Three-year study produces proposals for boosting energy innovation to meet growing demand, curb global warming.

The world desperately needs innovation in energy technologies — but those innovations are unlikely to happen by themselves. A three-year study by a team of researchers based at MIT has now identified a suite of policy and investment strategies that could accelerate innovation in the United States, helping to meet our growing energy needs affordably and reliably, reducing carbon emissions and alleviating insecurity over energy supplies.

The conclusions of that study are detailed in a new book — Unlocking Energy Innovation (MIT Press, 2012) — by Richard Lester, the Japan Steel Industry Professor of Nuclear Science and Engineering at MIT, and David Hart, a professor of public policy at George Mason University. The project was supported by a grant from the Doris Duke Charitable Foundation.

The study, carried out at the MIT Industrial Performance Center and involving faculty and students from nine MIT departments, concluded that fundamental changes are needed in the U.S. energy-innovation system. Without systematic, transformative changes, Lester says, we are unlikely to succeed either in averting the worst economic and environmental consequences of climate change or in achieving a secure, affordable and reliable energy supply.

“Innovation doesn’t just emerge out of thin air,” Lester says, but requires a productive ecosystem, including public and private research laboratories; small and large firms; financial intermediaries ranging from huge banks to individual “angel” investors; schools, community colleges and universities; and local, state and federal agencies.
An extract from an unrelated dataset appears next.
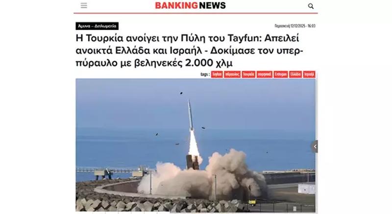 Farklı bir Yunan basını Banking News de TAYFUN füzesi hakkında çapıcı ifadeler kullandı. Atina basını haberine "Türkiye, TAYFUN Kapısı'nı açtı: Yunanistan ve İsrail'i açıkça tehdit ederek 2 bin kilometre menzile kadar çıkabilen süper füzeyi denedi" başlığını attı.
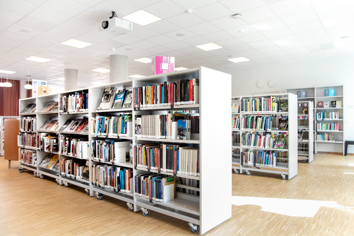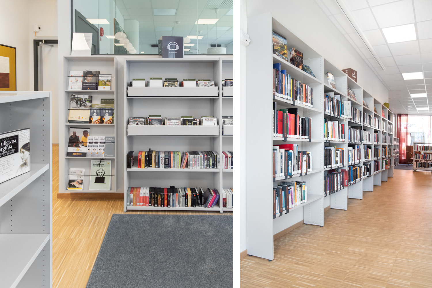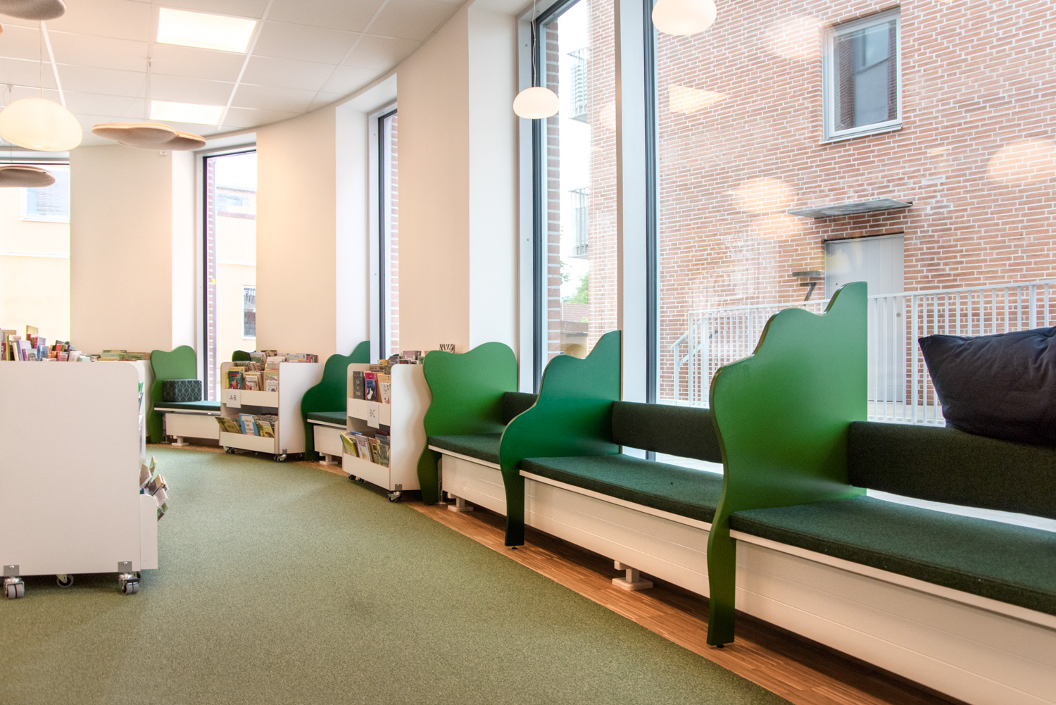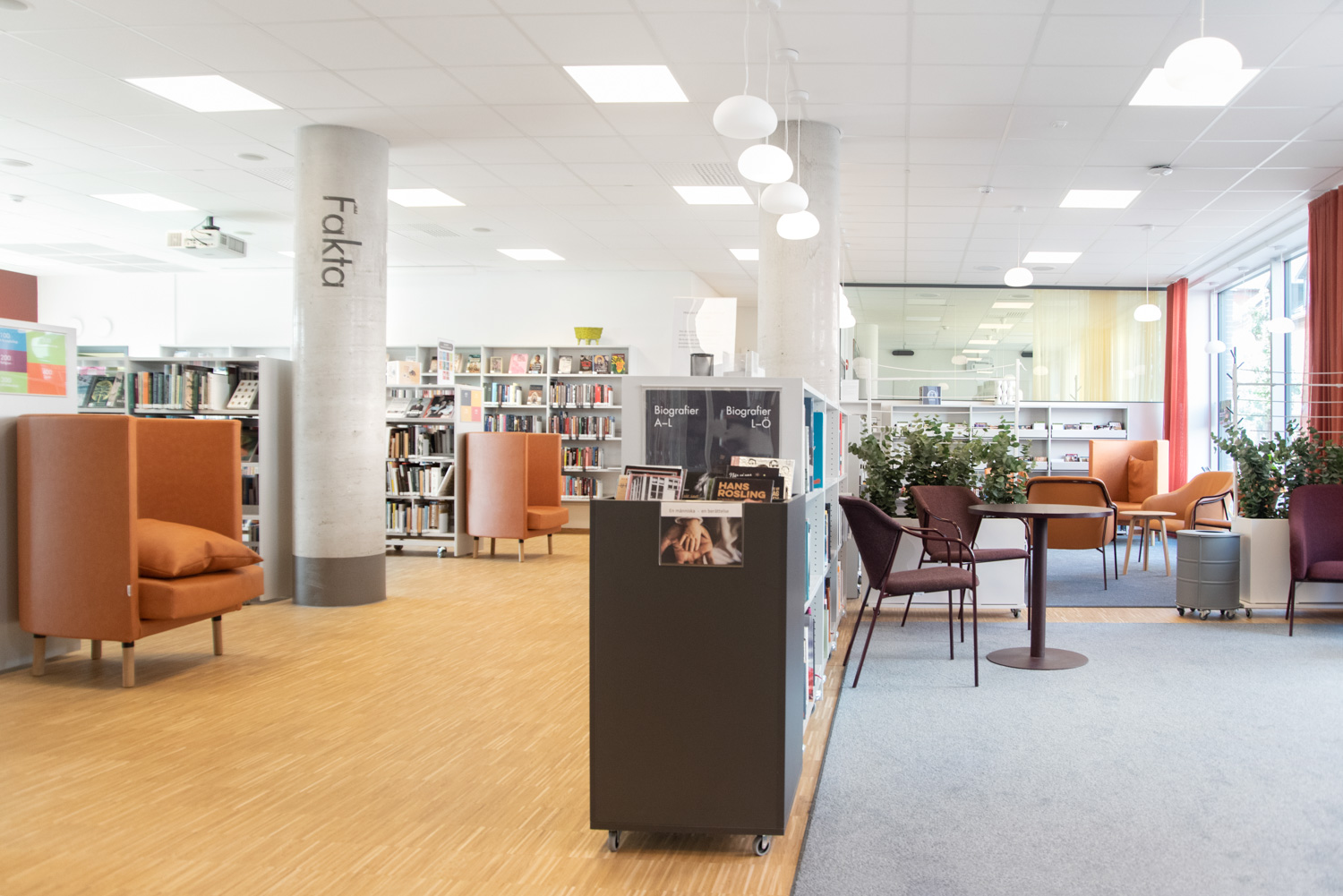 Resultatet är en blandning av café-stämning, kreativa kontorsmiljöer och kopplingar till det lokala näringslivet och naturen som präglar området. Den råa och lekfulla färgskalan ger det nya biblioteket en säregen och informell stämning som gör att alla känner sig välkomna.

“We face a very big innovation challenge over the next few decades,” Lester says, “bigger than most people recognize. And the system as a whole isn’t close to being up to the task.” While the focus of this analysis was U.S. institutions for energy research and development, financing, regulations, standards, and markets, he says, “U.S. leadership in energy innovation will be essential to world success” in affordable mitigation of climate change.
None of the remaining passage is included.